→ STORED DATA
# # #

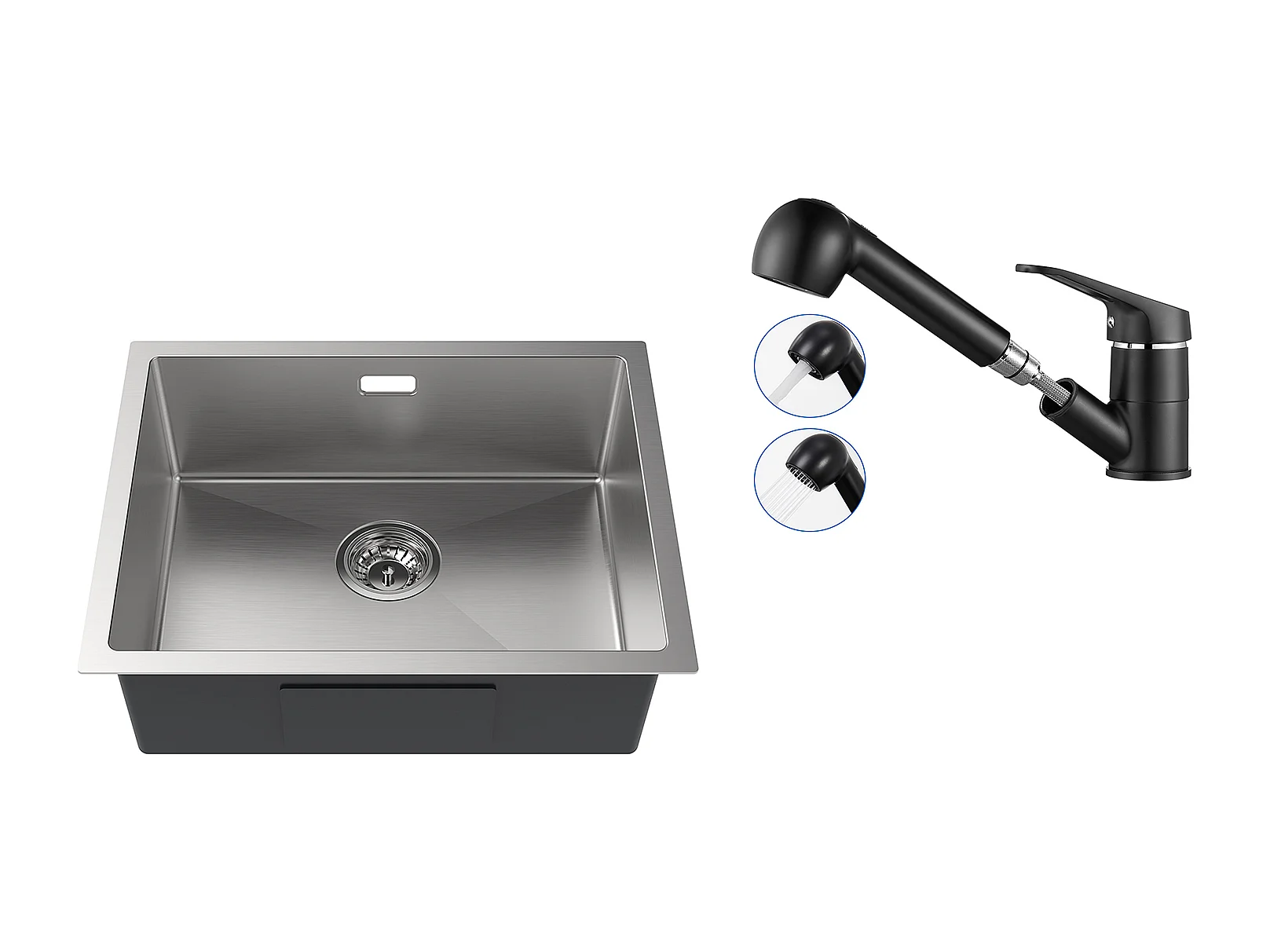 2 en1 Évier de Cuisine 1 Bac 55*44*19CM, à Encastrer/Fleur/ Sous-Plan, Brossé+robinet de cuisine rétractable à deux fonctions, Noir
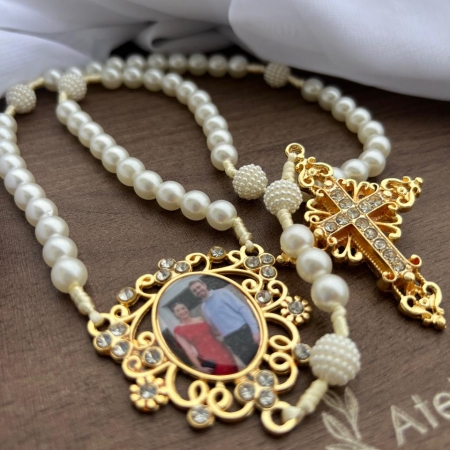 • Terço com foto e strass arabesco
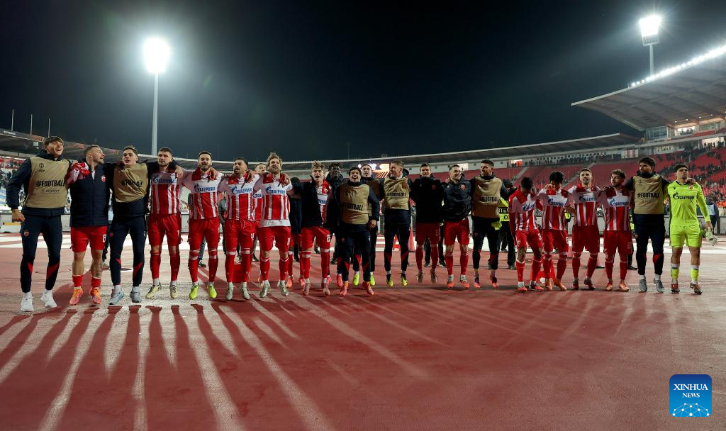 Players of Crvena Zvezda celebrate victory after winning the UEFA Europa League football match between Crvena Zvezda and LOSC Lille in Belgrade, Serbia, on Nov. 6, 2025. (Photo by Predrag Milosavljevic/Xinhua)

# # #

→ WORK ITEM
The data above needs to be retyped exactly, with the images left out.

→ OUTPUT BELOW
 2 en1 Évier de Cuisine 1 Bac 55*44*19CM, à Encastrer/Fleur/ Sous-Plan, Brossé+robinet de cuisine rétractable à deux fonctions, Noir
 • Terço com foto e strass arabesco
 Players of Crvena Zvezda celebrate victory after winning the UEFA Europa League football match between Crvena Zvezda and LOSC Lille in Belgrade, Serbia, on Nov. 6, 2025. (Photo by Predrag Milosavljevic/Xinhua)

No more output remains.